_Given entries_:

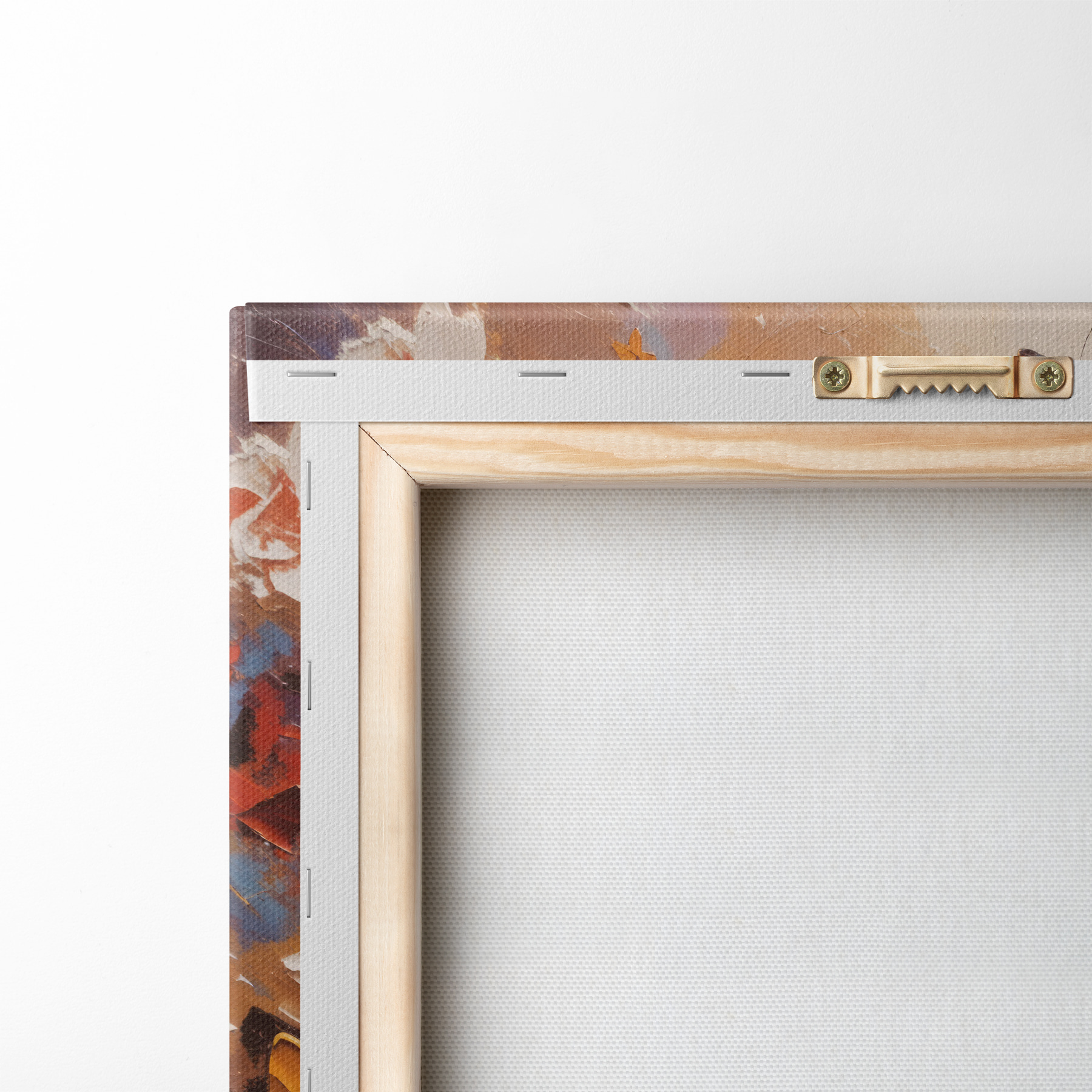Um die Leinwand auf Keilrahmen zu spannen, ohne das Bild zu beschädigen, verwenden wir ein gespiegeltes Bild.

==

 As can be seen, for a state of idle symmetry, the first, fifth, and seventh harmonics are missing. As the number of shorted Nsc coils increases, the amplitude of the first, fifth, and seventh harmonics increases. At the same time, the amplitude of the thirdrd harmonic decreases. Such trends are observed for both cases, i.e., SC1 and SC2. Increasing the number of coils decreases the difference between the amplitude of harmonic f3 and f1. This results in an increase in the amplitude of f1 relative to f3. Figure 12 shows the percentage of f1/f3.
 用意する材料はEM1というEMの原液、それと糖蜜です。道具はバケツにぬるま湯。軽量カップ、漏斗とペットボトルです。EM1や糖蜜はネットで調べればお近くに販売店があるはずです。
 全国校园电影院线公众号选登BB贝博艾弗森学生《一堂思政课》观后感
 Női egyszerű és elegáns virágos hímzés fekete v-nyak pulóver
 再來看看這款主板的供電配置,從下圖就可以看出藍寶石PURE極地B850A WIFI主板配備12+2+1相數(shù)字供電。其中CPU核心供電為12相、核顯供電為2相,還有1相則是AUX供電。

* * *

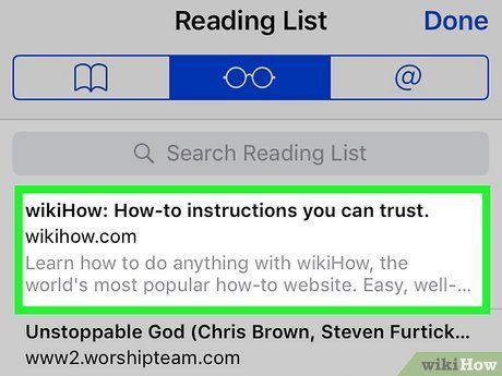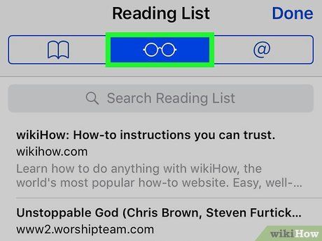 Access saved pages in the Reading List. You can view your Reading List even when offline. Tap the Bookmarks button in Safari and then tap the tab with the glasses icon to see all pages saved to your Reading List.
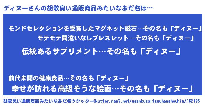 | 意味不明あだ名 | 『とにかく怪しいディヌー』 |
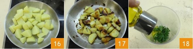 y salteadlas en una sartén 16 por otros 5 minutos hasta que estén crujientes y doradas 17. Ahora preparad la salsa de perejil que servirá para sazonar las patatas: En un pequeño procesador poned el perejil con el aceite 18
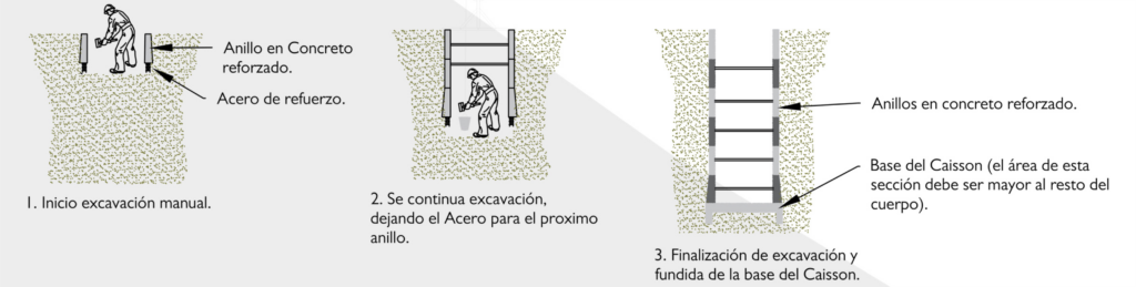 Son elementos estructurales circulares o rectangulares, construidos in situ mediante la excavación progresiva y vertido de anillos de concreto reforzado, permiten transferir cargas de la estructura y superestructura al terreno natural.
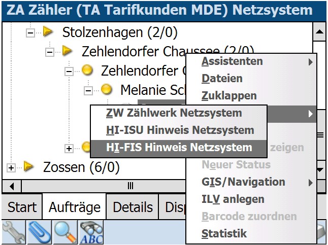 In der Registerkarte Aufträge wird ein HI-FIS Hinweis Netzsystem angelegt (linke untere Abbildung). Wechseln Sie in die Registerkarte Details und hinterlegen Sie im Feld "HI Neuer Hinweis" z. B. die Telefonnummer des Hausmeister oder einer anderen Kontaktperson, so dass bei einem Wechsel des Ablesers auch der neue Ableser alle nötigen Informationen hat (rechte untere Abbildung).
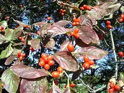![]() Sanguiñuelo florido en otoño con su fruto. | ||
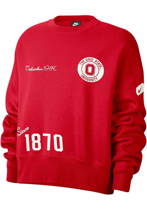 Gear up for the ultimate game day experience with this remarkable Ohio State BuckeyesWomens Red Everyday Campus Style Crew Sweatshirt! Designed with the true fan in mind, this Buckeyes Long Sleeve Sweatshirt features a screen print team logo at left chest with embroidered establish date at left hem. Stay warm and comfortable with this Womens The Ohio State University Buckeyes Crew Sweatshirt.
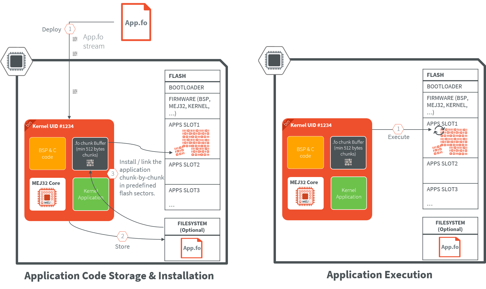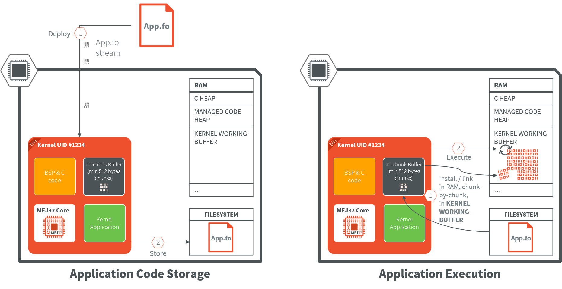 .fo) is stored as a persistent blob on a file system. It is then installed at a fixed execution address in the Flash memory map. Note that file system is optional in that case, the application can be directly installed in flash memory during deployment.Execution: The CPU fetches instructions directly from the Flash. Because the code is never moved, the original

_What to produce_:
The lines above, starting at the one with "用意する材料はEM1というE" and ending at the one with "再來看看這款主板的供電配置,從下圖就可以", are the only ones to return, exactly as written.

_Result of this task_:
 用意する材料はEM1というEMの原液、それと糖蜜です。道具はバケツにぬるま湯。軽量カップ、漏斗とペットボトルです。EM1や糖蜜はネットで調べればお近くに販売店があるはずです。
 全国校园电影院线公众号选登BB贝博艾弗森学生《一堂思政课》观后感
 Női egyszerű és elegáns virágos hímzés fekete v-nyak pulóver
 再來看看這款主板的供電配置,從下圖就可以看出藍寶石PURE極地B850A WIFI主板配備12+2+1相數(shù)字供電。其中CPU核心供電為12相、核顯供電為2相,還有1相則是AUX供電。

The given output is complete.